• **TASK DIRECTIONS**: Nothing but the lines below from the one containing "Then, under the Groups" through the one containing "商品相册:雷诺(RARONE" should appear in the answer, exact and without pictures.
── SUPPLIED INFORMATION
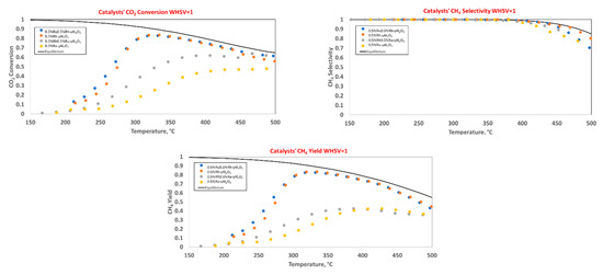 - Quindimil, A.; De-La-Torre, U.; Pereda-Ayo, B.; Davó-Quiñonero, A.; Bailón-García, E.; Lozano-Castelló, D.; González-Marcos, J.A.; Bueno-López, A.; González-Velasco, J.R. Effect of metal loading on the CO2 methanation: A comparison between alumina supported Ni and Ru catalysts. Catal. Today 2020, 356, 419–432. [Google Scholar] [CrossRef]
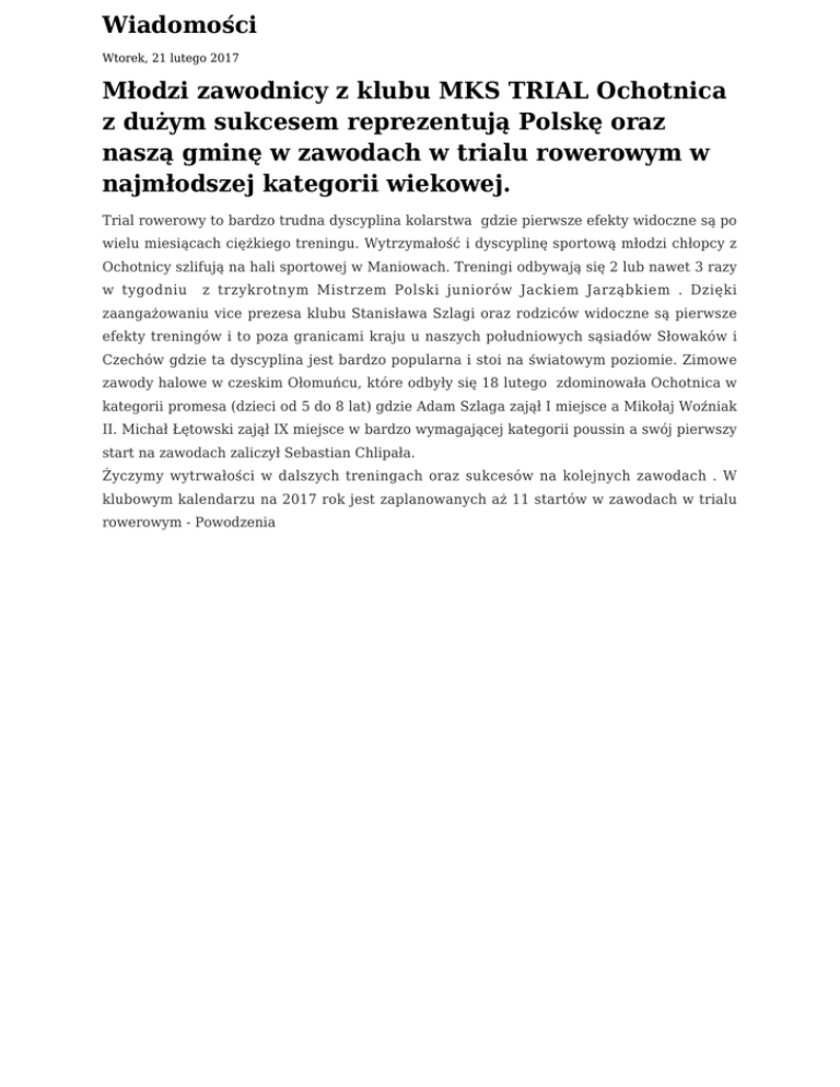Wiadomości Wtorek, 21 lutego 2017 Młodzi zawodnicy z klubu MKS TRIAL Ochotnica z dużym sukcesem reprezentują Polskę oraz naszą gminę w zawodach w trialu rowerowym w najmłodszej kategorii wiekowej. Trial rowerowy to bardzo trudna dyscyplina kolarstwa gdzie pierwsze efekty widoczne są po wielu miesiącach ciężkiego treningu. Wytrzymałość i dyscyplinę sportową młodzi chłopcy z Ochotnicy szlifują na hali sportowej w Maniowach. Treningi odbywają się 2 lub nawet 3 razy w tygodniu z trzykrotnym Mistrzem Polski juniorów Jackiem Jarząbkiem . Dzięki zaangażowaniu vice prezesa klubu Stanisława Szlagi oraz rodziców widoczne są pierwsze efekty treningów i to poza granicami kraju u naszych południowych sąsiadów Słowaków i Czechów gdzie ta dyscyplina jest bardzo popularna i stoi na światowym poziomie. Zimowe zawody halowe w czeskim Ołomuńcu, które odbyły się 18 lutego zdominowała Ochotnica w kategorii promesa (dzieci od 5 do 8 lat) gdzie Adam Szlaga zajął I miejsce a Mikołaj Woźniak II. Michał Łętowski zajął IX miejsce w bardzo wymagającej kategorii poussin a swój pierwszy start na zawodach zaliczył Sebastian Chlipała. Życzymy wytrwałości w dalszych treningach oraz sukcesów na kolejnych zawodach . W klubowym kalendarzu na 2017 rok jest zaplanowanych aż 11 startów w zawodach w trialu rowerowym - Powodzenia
────
── SUPPLIED INFORMATION
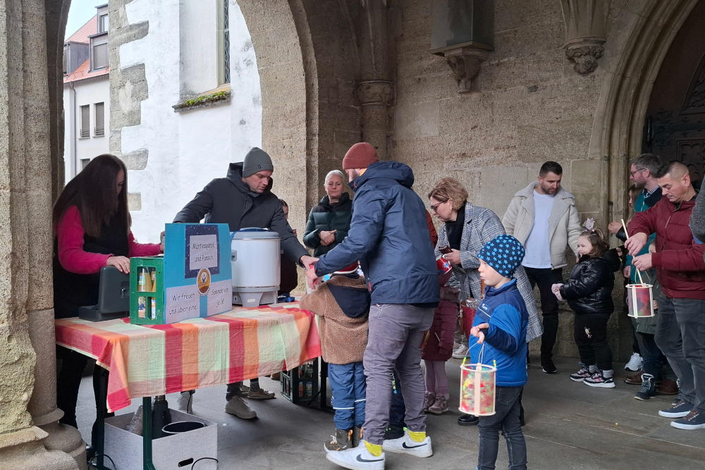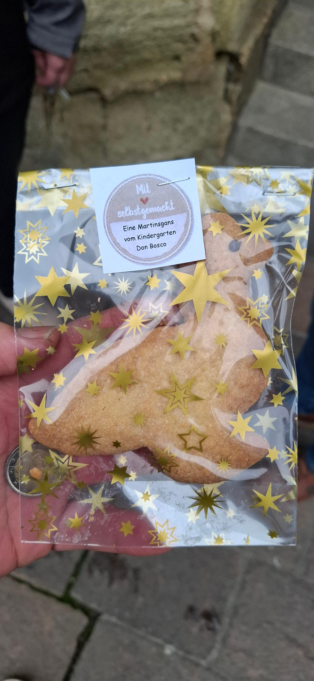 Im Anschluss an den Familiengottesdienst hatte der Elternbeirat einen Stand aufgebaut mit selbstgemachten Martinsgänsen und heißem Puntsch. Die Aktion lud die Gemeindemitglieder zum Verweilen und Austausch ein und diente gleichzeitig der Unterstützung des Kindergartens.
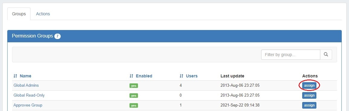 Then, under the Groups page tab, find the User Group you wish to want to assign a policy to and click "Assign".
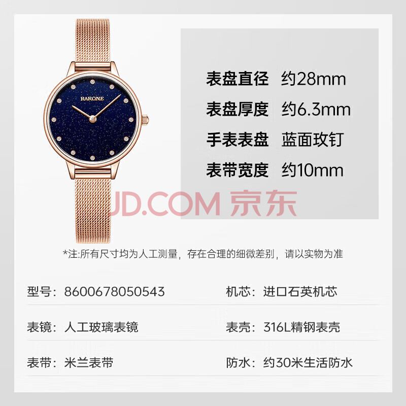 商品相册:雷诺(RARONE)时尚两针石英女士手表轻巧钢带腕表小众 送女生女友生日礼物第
────
• **TASK ANSWER**:
 Then, under the Groups page tab, find the User Group you wish to want to assign a policy to and click "Assign".
 商品相册:雷诺(RARONE)时尚两针石英女士手表轻巧钢带腕表小众 送女生女友生日礼物第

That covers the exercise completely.